Papusza's most important work is the 1952 witness account of the Roma Holocaust, namely, the song (written down as a narrative poem) Tears of Blood (Ratwała jaswa).

Most of Papusza's work involved traditional Roma formats along with some unusual aspects such as writing in singular form. Most of her work dealt with nostalgia, longing, and (especially) feeling lost.

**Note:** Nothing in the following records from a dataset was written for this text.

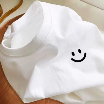 | nameOriginal | 100% cotton white short-sleeved t-shirt summer loose Korean style student retro top for men and women round neck cotton smiley face |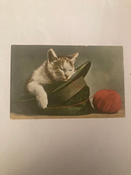 Ett vykort med en kattunge i en hatt och ett garnnystan.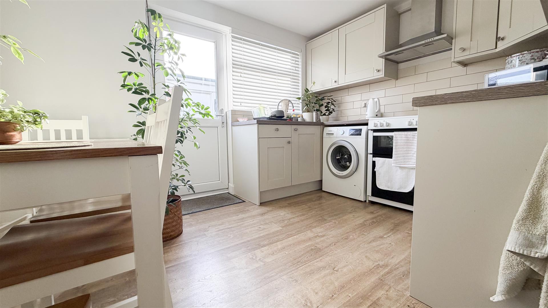 Selection of panelled fronted units at both eye and floor level. Laminated square edge work surfaces with inset stainless steel sink unit. Part tiled walls. Space and plumbing for washing machine. Space for cooker. Radiator. Double glazed window and door to rear.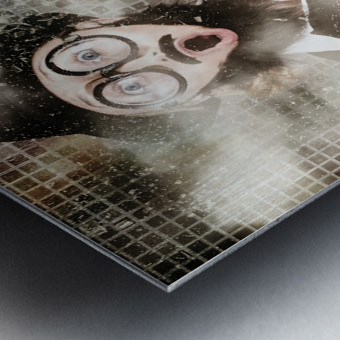 Funny abstract design portrait of a mad scientist woman standing in science laboratory looking surprised when finding an explosive solution to a chemi...[+]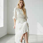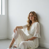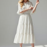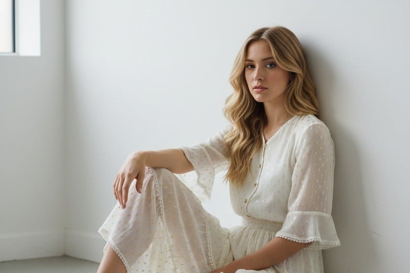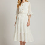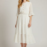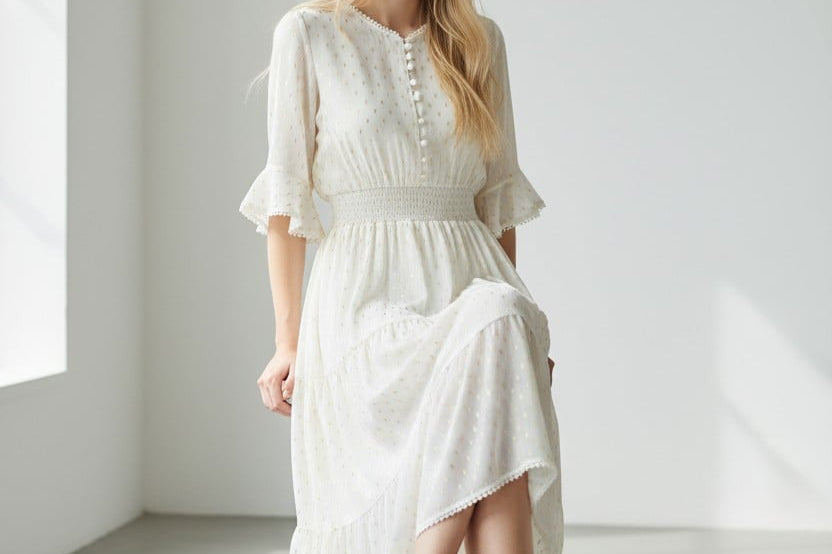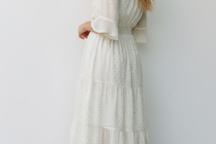 Light, airy, and beautifully understated, this midi dress brings pure romance to your wardrobe. Designed with delicate gold dot detailing, soft ruffled sleeves, and a button-front bodice, it’s the definition of effortless charm. The smocked waist creates a flattering, feminine silhouette, while the tiered skirt adds gentle movement with every step. A timeless look made for brunch dates, garden parties, and your prettiest moments.

"...the water does not look behind
It flees, runs farther away
Where eyes will not see her,
 the water wanders..."

She published poems frequently from the late 1940s to the mid-'50s, when she was removed from Roma life, first in Polish literary magazines and then in books of her own. She published again for a short time in the late '60s.

===Publications===
- Papusza / Bronisława Wajs. 2024. Tears of Blood A Poet’s Witness Account of the Nazi Genocide of Roma. Edited by Volha Bartash, Tomasz Kamusella, and Viktor Shapoval (Ser.: Roma History and Culture, Vol. 4). Brill. NB: Romani original and English translation (by Hamish MacDonald), alongside scholarly chapters on the narrative poem's historical and cultural context.
- Papusza. 1952. Ratvale jasva (Tears of Blood), the Romani original read by Viktor Shapoval (2025).

==Legacy==
- In 1974, a documentary film entitled Papusza was directed by Maja Wójcik and Ryszard Wójcik. It presents the customs and life of the Roma community. The main protagonists of the film were Bronisława Wajs and Jerzy Ficowski.
- In 1991, a film Historia Cyganki (A Gypsy Girl's Story) was directed by Greg Kowalski featuring music by Jan Kanty Pawluśkiewicz.
- Romani theater "Romance" in Ukraine made a performance about Papusza.
- There is a monument to Papusza in Gorzów Wielkopolski.
- Zoli, the fourth novel of the Irish-born American writer Colum McCann follows the life of Marienka Novotna, nicknamed "Zoli", a fictional Slovak Romani woman. Her life is loosely based on that of Bronisława Wajs: Zoli explores the persecution of the Roma faced during World War II, as well as the impact of socialism on Romani culture and lifestyles.
- A Polish film about her life, titled Papusza, was released in 2013. It was directed by Joanna Kos-Krauze and Krzysztof Krauze and stars Jowita Budnik in the title role.
- In 2013, Andżelika Kuźniak published a book, Papusza, about the life and literary legacy of Bronisława Wajs.